The problem: Taking only the lines of the data below from the line with "ما يصّوره موقع" to the line with "11月30日下午,著名感恩教", ends included, write them out exactly and without pictures.

Records for this task:
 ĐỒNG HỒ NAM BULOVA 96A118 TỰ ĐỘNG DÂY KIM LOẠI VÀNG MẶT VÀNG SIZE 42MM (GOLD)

* * *

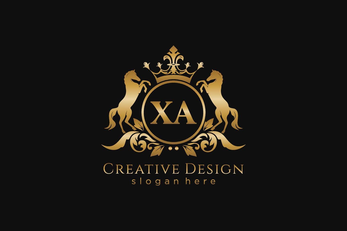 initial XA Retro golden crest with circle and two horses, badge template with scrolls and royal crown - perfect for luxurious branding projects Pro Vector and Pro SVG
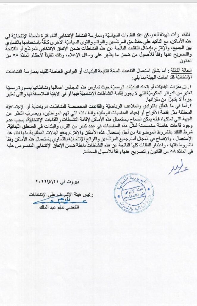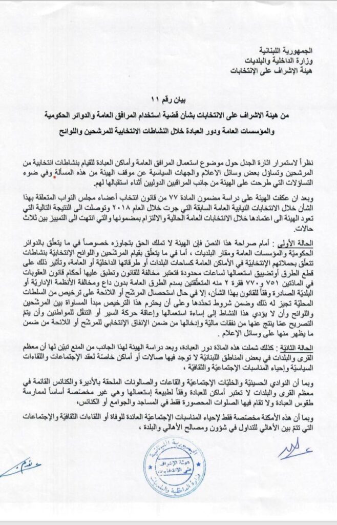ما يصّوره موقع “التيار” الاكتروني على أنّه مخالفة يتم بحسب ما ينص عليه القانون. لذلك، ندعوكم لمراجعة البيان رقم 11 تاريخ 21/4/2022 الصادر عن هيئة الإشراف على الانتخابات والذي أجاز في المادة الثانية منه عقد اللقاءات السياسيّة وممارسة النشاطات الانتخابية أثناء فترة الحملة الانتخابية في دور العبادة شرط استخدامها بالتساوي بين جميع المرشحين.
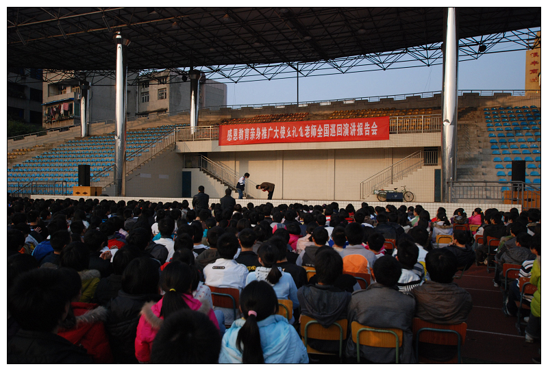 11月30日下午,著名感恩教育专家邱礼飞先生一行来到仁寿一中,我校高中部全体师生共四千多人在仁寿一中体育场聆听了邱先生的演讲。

* * *

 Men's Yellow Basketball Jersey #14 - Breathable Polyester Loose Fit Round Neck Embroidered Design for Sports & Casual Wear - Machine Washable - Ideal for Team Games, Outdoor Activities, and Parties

Answer section:
ما يصّوره موقع “التيار” الاكتروني على أنّه مخالفة يتم بحسب ما ينص عليه القانون. لذلك، ندعوكم لمراجعة البيان رقم 11 تاريخ 21/4/2022 الصادر عن هيئة الإشراف على الانتخابات والذي أجاز في المادة الثانية منه عقد اللقاءات السياسيّة وممارسة النشاطات الانتخابية أثناء فترة الحملة الانتخابية في دور العبادة شرط استخدامها بالتساوي بين جميع المرشحين.
 11月30日下午,著名感恩教育专家邱礼飞先生一行来到仁寿一中,我校高中部全体师生共四千多人在仁寿一中体育场聆听了邱先生的演讲。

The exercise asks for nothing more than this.